Reproduce the material below only from the line with "從12月28日起,以乘車卡(Ez-lin" to the line with "Stolna svjetiljka srednje", both included, keeping each line exact and dropping the pictures.

==*==

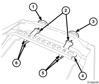 1. Push the head restraint sleeves (1 and 3) downward until the retaining tabs (2) and retaining barbs (5 and 6) are fully engaged to the seat back frame (4).
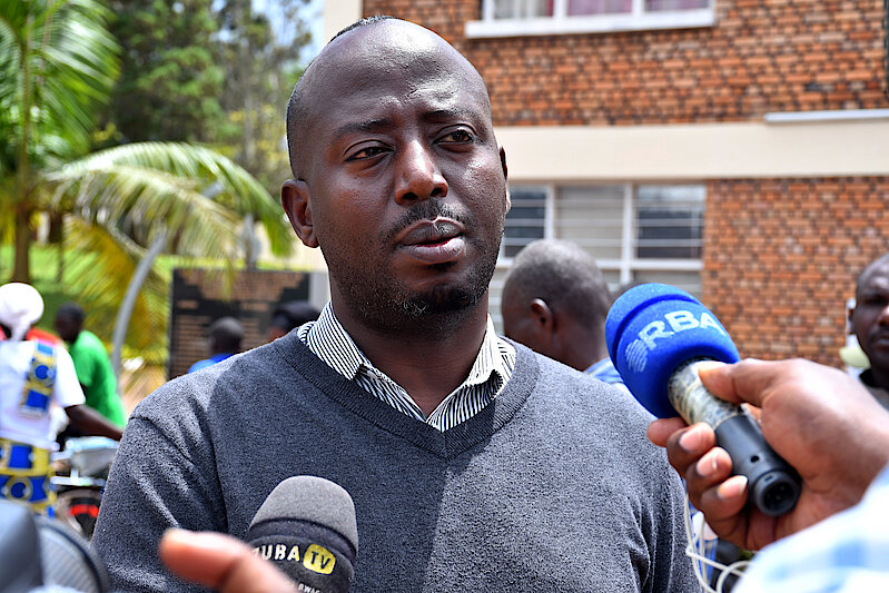 Umuyobozi w'Akarere wungirije ushinzwe iterambere ry'ubukungu Bwana MAPAMBANO NYIRIDANDI Cyriaque yasabye abahawe amagare kuyafata neza.
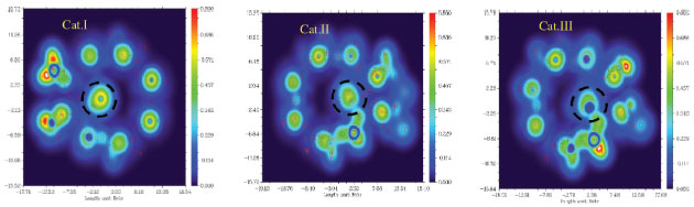 To further validate the above-mentioned inference, we performed LOL analysis, as shown in Figure 6. The locality of active site of Al-Cl (circled by the dotted line) from the strong to the weak is: Cat. I > Cat. II > Cat. III. However, the figure shows that in Cat. I the Cl of Al-Cl is easiest to give delocalized electrons. The delocalized electrons of Cat. III concentrate on the unreactive Al atom, and Cat. II is centered. So the order of catalytic activity is Cat. I > Cat. II > Cat. III. This is also consistent with the calculation of the activation energy. The results of LOL analysis are consistent with the results of the previous catalyst structure analysis (Table 1) and activation energy analysis (Figure 5 and Table 2).
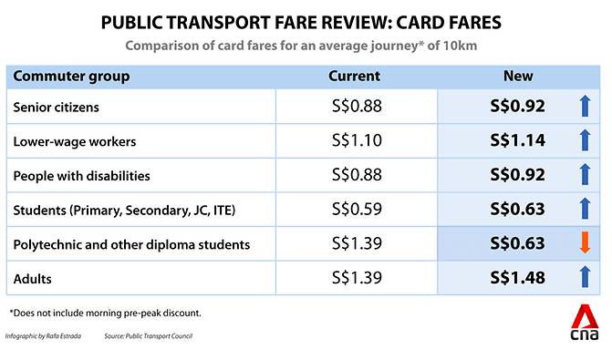 從12月28日起,以乘車卡(Ez-link)付費的成人車資每趟車程將上調9分,樂齡和學生優惠車資上調4分,以現金付費的巴士車資及地鐵單程車資則上調2角。
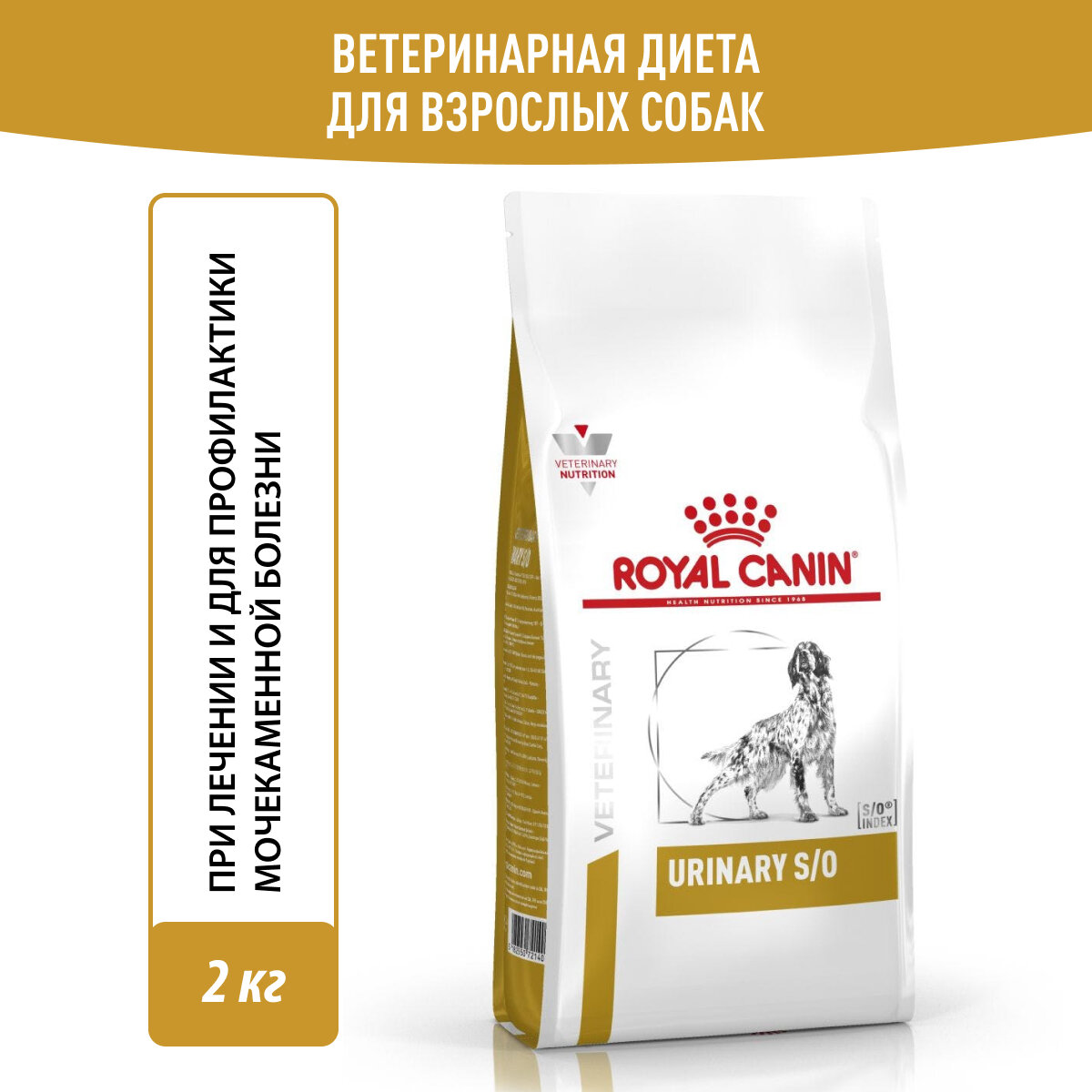 Royal Canin Urinary S/O Корм сухой диетический для взрослых собак при мочекаменной болезни, 2 кг 2 700 ₽
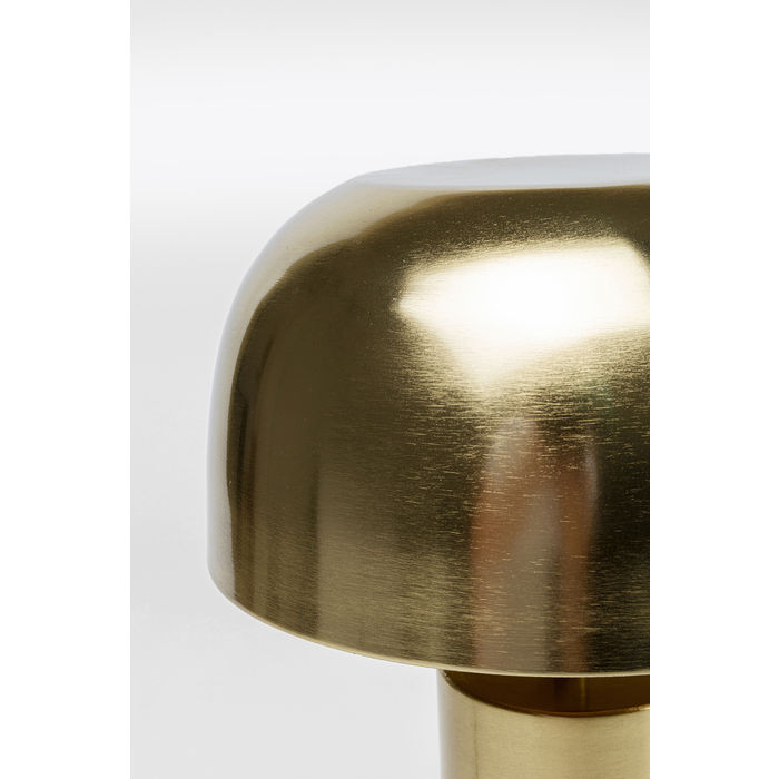Stolna svjetiljka srednje veličine u obliku gljive, izrađena od metala i s cilindričnim postoljem. Svjetiljka je ručni rad. Glamurozni, svjetlucavi mat koji se savršeno uklapa u svaki stil opremanja zbog svog bistrog, bezvremenskog oblika. Zahvaljujući zlatnom sjenilu, stolna svjetiljka pruža toplo, atmosfersko svjetlo. Izgleda dobro na komodama i noćnom ormariću. Upadljiv izgled čak i kad je svjetlo isključeno.
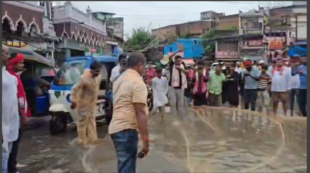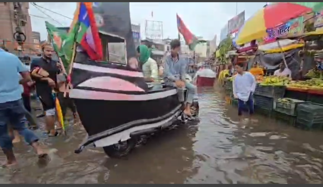 दरअसल पिछले 24 घंटे से हो रही लगातार बारिश ने दरभंगा शहर की स्थिति खराब कर दी है. कई मुख्य इलाकों में जलजमाव इतना बढ़ गया कि लोगों का पैदल चलना मुश्किल हो गया है. इसी गंभीर स्थिति को दिखाने के लिए महागठबंधन के वीआईपी प्रत्याशी उमेश सहनी आज यानि शुक्रवार को नाव पर सवार होकर जनसंपर्क करते दिखे. उमेश सहनी ने अपने चुनाव चिह्न ‘नाव’ पर सवार होकर दरभंगा टावर चौक तक पहुंचे.
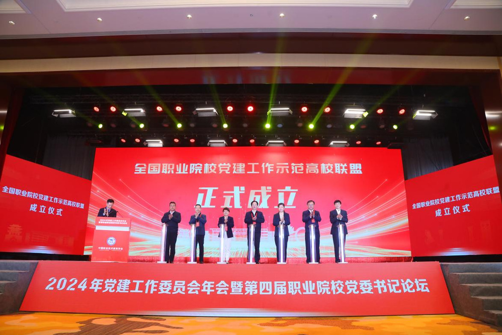 据悉,本次会议以“强化思政引领力,推进新时代职业教育高质量发展”为主题,深入学习贯彻党的二十大、二十届三中全会精神和全国教育大会精神,以高质量党建引领推动职业教育高质量发展。中国职业技术教育学会会长、教育部原副部长鲁昕做了主旨报告。金华职业技术大学作为全国职业院校党建工作示范高校联盟七所发起单位之一,与深圳职业技术大学、河北工业职业技术大学、陕西工业职业技术学院、湖南化工职业技术学院、山东交通职业学院、山东城市建设职业学院现场共同启动联盟成立。

==*==

Problem solution:
 從12月28日起,以乘車卡(Ez-link)付費的成人車資每趟車程將上調9分,樂齡和學生優惠車資上調4分,以現金付費的巴士車資及地鐵單程車資則上調2角。
 Royal Canin Urinary S/O Корм сухой диетический для взрослых собак при мочекаменной болезни, 2 кг 2 700 ₽
Stolna svjetiljka srednje veličine u obliku gljive, izrađena od metala i s cilindričnim postoljem. Svjetiljka je ručni rad. Glamurozni, svjetlucavi mat koji se savršeno uklapa u svaki stil opremanja zbog svog bistrog, bezvremenskog oblika. Zahvaljujući zlatnom sjenilu, stolna svjetiljka pruža toplo, atmosfersko svjetlo. Izgleda dobro na komodama i noćnom ormariću. Upadljiv izgled čak i kad je svjetlo isključeno.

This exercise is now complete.